◆ Task description: Only the lines of the listing below that run from the line with "君誠(chéng)管道集團(tuán)是" through the line with "而 addTrack 将" are to be set down, word for word. Pictures stay out.

◆ Records provided:
• • • •

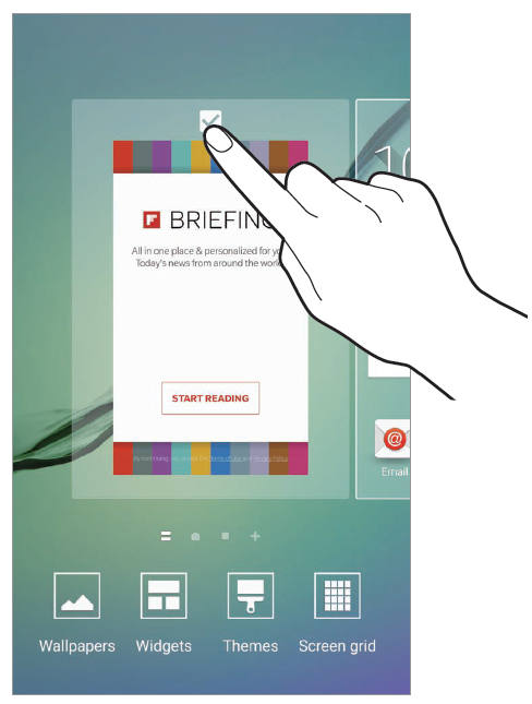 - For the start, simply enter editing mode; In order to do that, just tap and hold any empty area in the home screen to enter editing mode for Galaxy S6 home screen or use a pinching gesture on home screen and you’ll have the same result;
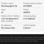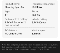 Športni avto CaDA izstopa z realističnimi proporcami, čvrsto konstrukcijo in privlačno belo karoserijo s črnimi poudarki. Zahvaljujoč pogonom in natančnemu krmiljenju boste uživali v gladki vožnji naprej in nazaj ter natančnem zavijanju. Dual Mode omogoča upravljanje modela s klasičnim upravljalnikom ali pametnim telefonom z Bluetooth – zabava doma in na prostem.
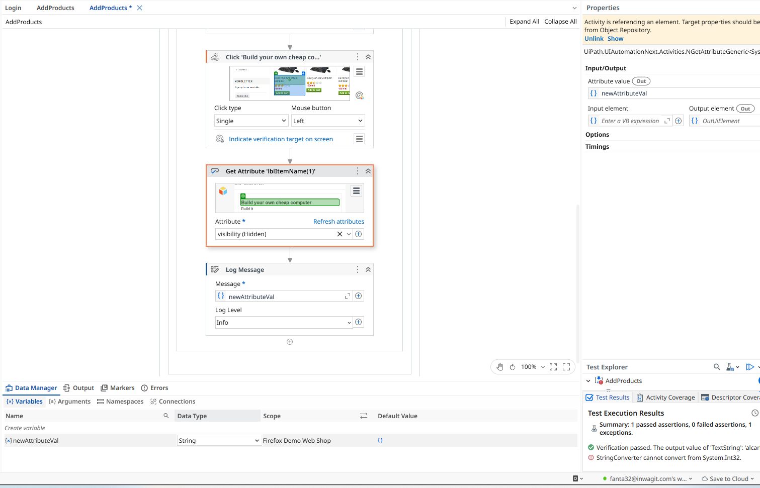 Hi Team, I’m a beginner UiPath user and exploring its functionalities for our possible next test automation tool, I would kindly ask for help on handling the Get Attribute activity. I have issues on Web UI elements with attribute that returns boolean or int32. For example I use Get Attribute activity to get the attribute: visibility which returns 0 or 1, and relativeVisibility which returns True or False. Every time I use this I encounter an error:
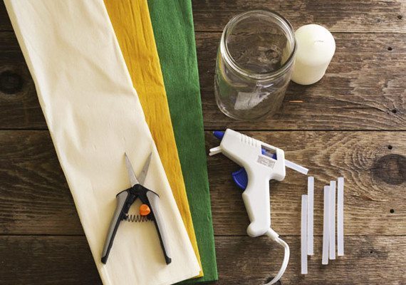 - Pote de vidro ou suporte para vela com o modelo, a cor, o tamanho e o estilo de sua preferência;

• • • •

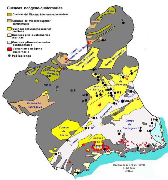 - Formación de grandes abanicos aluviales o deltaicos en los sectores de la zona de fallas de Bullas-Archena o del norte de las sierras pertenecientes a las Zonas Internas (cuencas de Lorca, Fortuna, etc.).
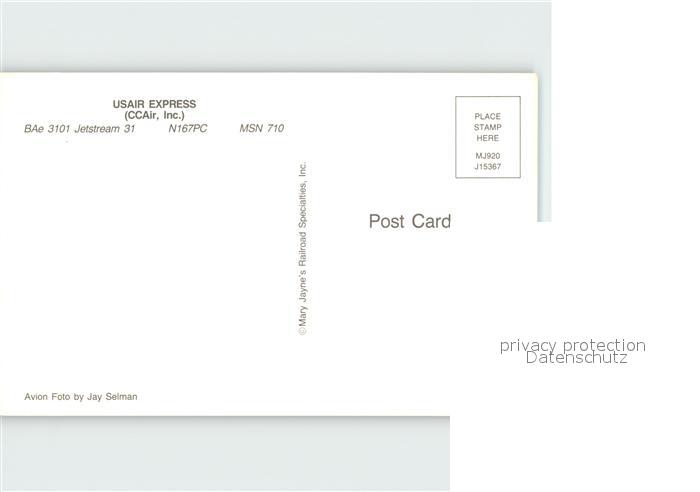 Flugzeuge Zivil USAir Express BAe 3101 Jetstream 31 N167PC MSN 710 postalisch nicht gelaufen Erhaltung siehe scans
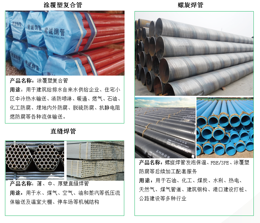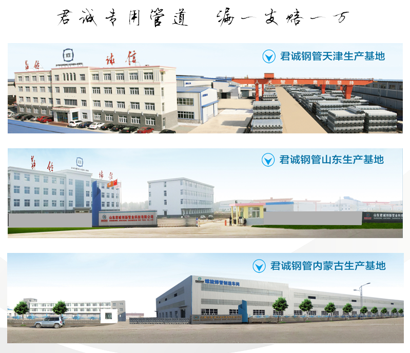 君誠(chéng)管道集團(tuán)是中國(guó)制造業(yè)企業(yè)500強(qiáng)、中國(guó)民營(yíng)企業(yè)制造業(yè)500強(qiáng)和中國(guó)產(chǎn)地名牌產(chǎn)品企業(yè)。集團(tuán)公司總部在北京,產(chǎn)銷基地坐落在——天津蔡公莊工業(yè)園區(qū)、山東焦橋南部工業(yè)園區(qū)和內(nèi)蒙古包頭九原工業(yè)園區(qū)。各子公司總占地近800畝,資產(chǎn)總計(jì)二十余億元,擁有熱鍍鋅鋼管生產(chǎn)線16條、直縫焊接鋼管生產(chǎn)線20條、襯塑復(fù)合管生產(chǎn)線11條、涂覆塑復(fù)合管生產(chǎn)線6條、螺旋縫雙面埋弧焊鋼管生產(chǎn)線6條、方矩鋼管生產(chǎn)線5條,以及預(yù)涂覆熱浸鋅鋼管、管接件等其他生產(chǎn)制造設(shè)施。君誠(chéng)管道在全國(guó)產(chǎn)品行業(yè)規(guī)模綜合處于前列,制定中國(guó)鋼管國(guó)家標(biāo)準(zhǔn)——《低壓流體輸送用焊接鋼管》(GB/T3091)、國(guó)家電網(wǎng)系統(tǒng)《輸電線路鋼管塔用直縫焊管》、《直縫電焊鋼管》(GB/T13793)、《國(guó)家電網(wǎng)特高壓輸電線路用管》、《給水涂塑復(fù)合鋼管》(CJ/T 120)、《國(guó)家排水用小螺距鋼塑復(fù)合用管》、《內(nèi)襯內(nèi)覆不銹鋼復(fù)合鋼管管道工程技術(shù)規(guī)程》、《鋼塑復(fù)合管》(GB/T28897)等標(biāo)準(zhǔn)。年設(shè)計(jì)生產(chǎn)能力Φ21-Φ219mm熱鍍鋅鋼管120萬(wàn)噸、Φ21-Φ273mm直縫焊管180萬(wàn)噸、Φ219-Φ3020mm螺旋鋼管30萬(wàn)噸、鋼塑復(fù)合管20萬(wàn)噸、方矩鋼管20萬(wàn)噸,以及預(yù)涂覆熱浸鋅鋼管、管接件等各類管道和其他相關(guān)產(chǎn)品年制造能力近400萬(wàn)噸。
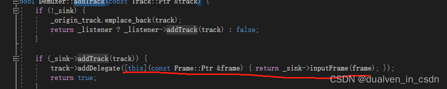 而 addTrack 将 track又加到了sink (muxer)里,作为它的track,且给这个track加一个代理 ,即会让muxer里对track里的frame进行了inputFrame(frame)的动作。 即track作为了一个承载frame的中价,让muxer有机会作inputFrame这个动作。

• • • •

◆ Result of the exercise:
 君誠(chéng)管道集團(tuán)是中國(guó)制造業(yè)企業(yè)500強(qiáng)、中國(guó)民營(yíng)企業(yè)制造業(yè)500強(qiáng)和中國(guó)產(chǎn)地名牌產(chǎn)品企業(yè)。集團(tuán)公司總部在北京,產(chǎn)銷基地坐落在——天津蔡公莊工業(yè)園區(qū)、山東焦橋南部工業(yè)園區(qū)和內(nèi)蒙古包頭九原工業(yè)園區(qū)。各子公司總占地近800畝,資產(chǎn)總計(jì)二十余億元,擁有熱鍍鋅鋼管生產(chǎn)線16條、直縫焊接鋼管生產(chǎn)線20條、襯塑復(fù)合管生產(chǎn)線11條、涂覆塑復(fù)合管生產(chǎn)線6條、螺旋縫雙面埋弧焊鋼管生產(chǎn)線6條、方矩鋼管生產(chǎn)線5條,以及預(yù)涂覆熱浸鋅鋼管、管接件等其他生產(chǎn)制造設(shè)施。君誠(chéng)管道在全國(guó)產(chǎn)品行業(yè)規(guī)模綜合處于前列,制定中國(guó)鋼管國(guó)家標(biāo)準(zhǔn)——《低壓流體輸送用焊接鋼管》(GB/T3091)、國(guó)家電網(wǎng)系統(tǒng)《輸電線路鋼管塔用直縫焊管》、《直縫電焊鋼管》(GB/T13793)、《國(guó)家電網(wǎng)特高壓輸電線路用管》、《給水涂塑復(fù)合鋼管》(CJ/T 120)、《國(guó)家排水用小螺距鋼塑復(fù)合用管》、《內(nèi)襯內(nèi)覆不銹鋼復(fù)合鋼管管道工程技術(shù)規(guī)程》、《鋼塑復(fù)合管》(GB/T28897)等標(biāo)準(zhǔn)。年設(shè)計(jì)生產(chǎn)能力Φ21-Φ219mm熱鍍鋅鋼管120萬(wàn)噸、Φ21-Φ273mm直縫焊管180萬(wàn)噸、Φ219-Φ3020mm螺旋鋼管30萬(wàn)噸、鋼塑復(fù)合管20萬(wàn)噸、方矩鋼管20萬(wàn)噸,以及預(yù)涂覆熱浸鋅鋼管、管接件等各類管道和其他相關(guān)產(chǎn)品年制造能力近400萬(wàn)噸。
 而 addTrack 将 track又加到了sink (muxer)里,作为它的track,且给这个track加一个代理 ,即会让muxer里对track里的frame进行了inputFrame(frame)的动作。 即track作为了一个承载frame的中价,让muxer有机会作inputFrame这个动作。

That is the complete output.